Data excerpt: Begin
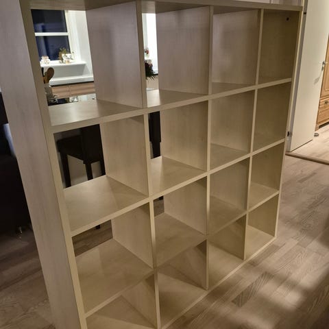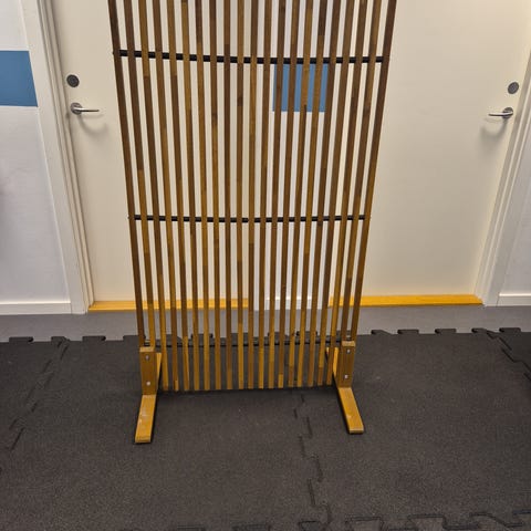Rumdelere i træ med lameller på fronten. Står på små ben og har en glat træoverflade i lys træfarve. Egnet til fx soveværelse, stue eller kontor.
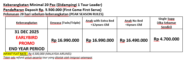 Sarapan Pagi. Waktu bebas sampai tiba waktunya diantar ke Airport untuk kembali ke Jakarta, Sampai jumpa di tour selanjutnya bersama kami.
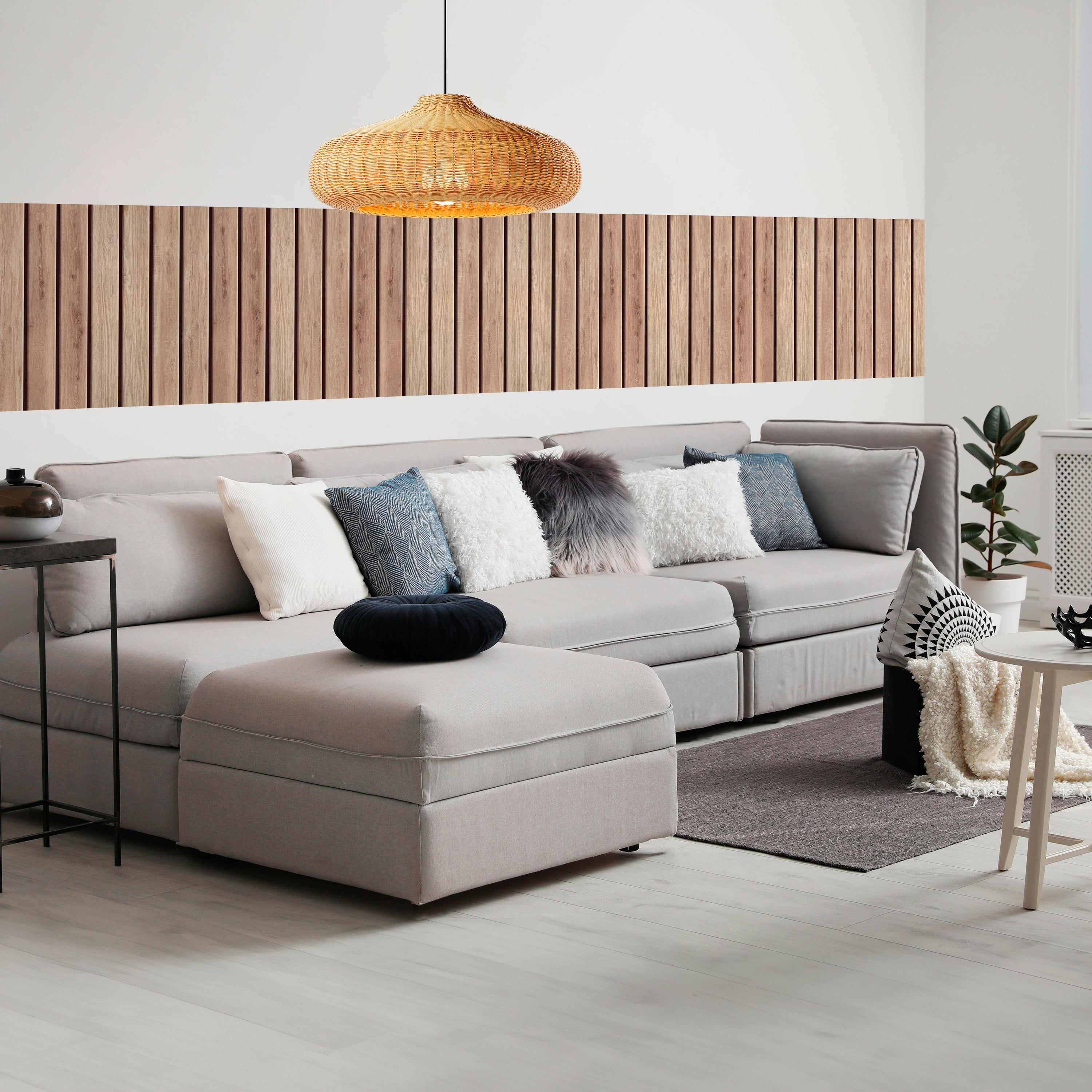 - Miss die Höhe und Breite der Wand und schneide die selbstklebende Vliestapete entsprechend zu. Lasse dabei an allen Rändern einen kleinen Überstand von etwa 5 cm, um genug Spielraum für die genaue Anpassung zu haben.
Data excerpt: End
→ **What to produce**
Reproduce the material word for word, but without its images.

→ **Completed task**
Rumdelere i træ med lameller på fronten. Står på små ben og har en glat træoverflade i lys træfarve. Egnet til fx soveværelse, stue eller kontor.
 Sarapan Pagi. Waktu bebas sampai tiba waktunya diantar ke Airport untuk kembali ke Jakarta, Sampai jumpa di tour selanjutnya bersama kami.
 - Miss die Höhe und Breite der Wand und schneide die selbstklebende Vliestapete entsprechend zu. Lasse dabei an allen Rändern einen kleinen Überstand von etwa 5 cm, um genug Spielraum für die genaue Anpassung zu haben.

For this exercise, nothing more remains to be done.